TASK ITEM
From the data that follows, print exactly the lines starting at the one containing "Britt Cox, an" and ending at the one containing "JWZ澄清池刮泥機專用蝸輪蝸"; include both of them and nothing more.

DATA FOR THE TASK
[Start of Attachment]

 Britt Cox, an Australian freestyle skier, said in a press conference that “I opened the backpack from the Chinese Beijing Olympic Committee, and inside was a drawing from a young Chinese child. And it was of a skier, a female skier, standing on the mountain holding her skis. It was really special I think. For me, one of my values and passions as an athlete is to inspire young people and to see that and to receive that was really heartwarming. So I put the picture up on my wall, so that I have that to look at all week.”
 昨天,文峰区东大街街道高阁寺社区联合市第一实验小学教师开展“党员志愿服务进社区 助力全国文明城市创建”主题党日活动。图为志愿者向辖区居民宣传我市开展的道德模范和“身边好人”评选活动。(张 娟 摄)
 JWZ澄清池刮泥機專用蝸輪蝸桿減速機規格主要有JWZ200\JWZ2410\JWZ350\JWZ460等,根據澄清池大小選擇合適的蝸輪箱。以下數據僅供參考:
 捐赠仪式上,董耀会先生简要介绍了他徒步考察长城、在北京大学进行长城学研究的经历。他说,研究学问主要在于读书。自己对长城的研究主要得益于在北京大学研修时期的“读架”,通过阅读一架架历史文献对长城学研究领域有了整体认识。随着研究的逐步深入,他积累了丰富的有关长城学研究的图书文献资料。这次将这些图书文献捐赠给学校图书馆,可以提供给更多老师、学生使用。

[End of Attachment]
[Start of Attachment]

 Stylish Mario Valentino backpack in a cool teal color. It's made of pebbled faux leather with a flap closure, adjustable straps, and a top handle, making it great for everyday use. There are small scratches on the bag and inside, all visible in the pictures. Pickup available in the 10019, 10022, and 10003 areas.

[End of Attachment]

ANSWER SECTION
 Britt Cox, an Australian freestyle skier, said in a press conference that “I opened the backpack from the Chinese Beijing Olympic Committee, and inside was a drawing from a young Chinese child. And it was of a skier, a female skier, standing on the mountain holding her skis. It was really special I think. For me, one of my values and passions as an athlete is to inspire young people and to see that and to receive that was really heartwarming. So I put the picture up on my wall, so that I have that to look at all week.”
 昨天,文峰区东大街街道高阁寺社区联合市第一实验小学教师开展“党员志愿服务进社区 助力全国文明城市创建”主题党日活动。图为志愿者向辖区居民宣传我市开展的道德模范和“身边好人”评选活动。(张 娟 摄)
 JWZ澄清池刮泥機專用蝸輪蝸桿減速機規格主要有JWZ200\JWZ2410\JWZ350\JWZ460等,根據澄清池大小選擇合適的蝸輪箱。以下數據僅供參考:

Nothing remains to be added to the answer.